No more Fritz Hollings out there for SC, nation

6 mins read

By Scott Graber

On Tuesday, Ernest F. “Fritz” Hollings was buried. 

Many remember Hollings as the tall, photogenic, gravel-voiced senator who went up to Washington in the 1960s. Some remember he was South Carolina’s governor. And those folks who routinely read the Island News know that our own Billy Keyserling ran his presidential campaign in 1983. 

But Hollings was more complicated, and more interesting than his resume. 

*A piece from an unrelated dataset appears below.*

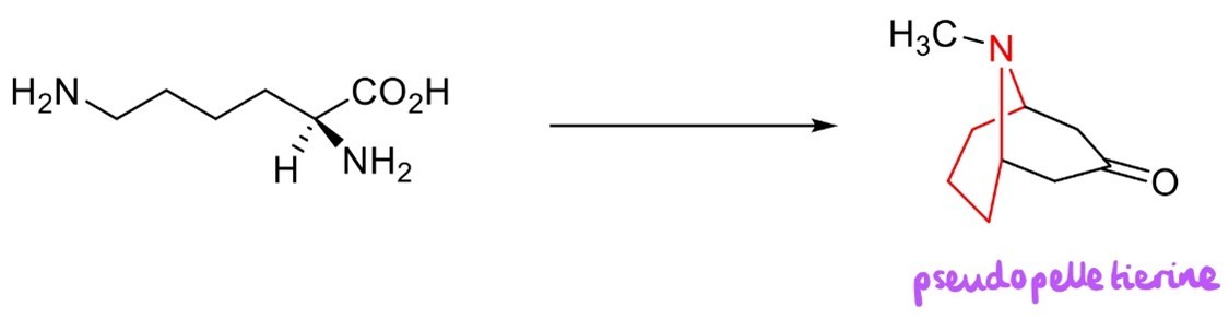 Most 6-membered rings in piperidine alkaloids come from lysine. One example is pseudopelletierine.

In the summer of 1967 I was living in Charleston and played recreational tennis using the HarTru courts at The Citadel — the college where I had just graduated. And from time to time, I would play (doubles) with Fritz Hollings. 

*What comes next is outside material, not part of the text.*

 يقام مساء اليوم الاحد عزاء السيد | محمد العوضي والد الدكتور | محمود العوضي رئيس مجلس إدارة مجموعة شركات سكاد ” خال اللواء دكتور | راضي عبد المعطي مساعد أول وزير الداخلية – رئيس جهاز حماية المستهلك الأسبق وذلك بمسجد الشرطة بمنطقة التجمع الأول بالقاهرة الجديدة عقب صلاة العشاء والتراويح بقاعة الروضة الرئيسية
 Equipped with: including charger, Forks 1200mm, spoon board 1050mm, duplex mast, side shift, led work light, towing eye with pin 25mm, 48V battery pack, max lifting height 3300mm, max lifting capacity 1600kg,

In those days, the newly minted Senator also was well known, and sometimes vilified, for playing tennis with Bobby Kennedy and his wife, Ethel, at their home at Hickory Hill. Those games sometimes included Paul Newman, Teddy Kennedy and other left-leaning folks who were in the gravitational pull of the Kennedy clan. 

His ‘collaboration’ with the enemy was routinely brought forward when Fritz ran for re-election. Furthermore, his occasional left-leaning votes in the Senate were also highlighted and “flip-flopper” was the term used in opposition advertising. 

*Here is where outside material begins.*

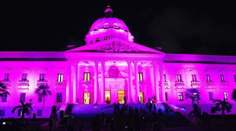Las luces color rosado se encienden en el Palacio Nacional por el mes de la sensibilización cáncer de mama

About this time Bobby Kennedy, now a senator from New York, became interested in hunger and malnutrition and decided he was going on tour. 

Kennedy decided that our own Jasper County would be a great place to start. When Fritz Hollings heard this he thought this was a bad idea. 

Writing, in his autobiography “Making Government Work,” he said:

“At this point, I had had enough. ‘Now look here,’ I shouted ‘You go down there, and I’m going to get on a plane and go straight up to Harlem. I’m going to call every TV station, and I’m going to walk through Harlem for four or five days, everywhere I can, and find every rat eating every child’s eye out. And everywhere I go I’m going to say why isn’t Kennedy here?’ ” 

After this call Bobby, apparently upon reflection, decided to forego Jasper County in favor of Kentucky. And Fritz, having avoided embarrassment, might have gone back to tennis. 

But Hollings was also obsessed with hunger and malnutrition and believed that food stamps (legislation slowly working its way through Congress) would be a good place to start. 

“It still stuns me to think that there I was in 1969, in South Carolina’s Lowcountry, in Beaufort County, standing in another shack that housed fifteen black people. It had no heat, no running water, no bath, no toilet, inside or out. The cracks in the wall were covered by old copies of the Savannah Morning News. The total store of food in the shack consisted of a slab of fatback, a half-filled jar of locally harvested oysters, and a stick of margarine.” 

And in this cause, Fritz was on his own. 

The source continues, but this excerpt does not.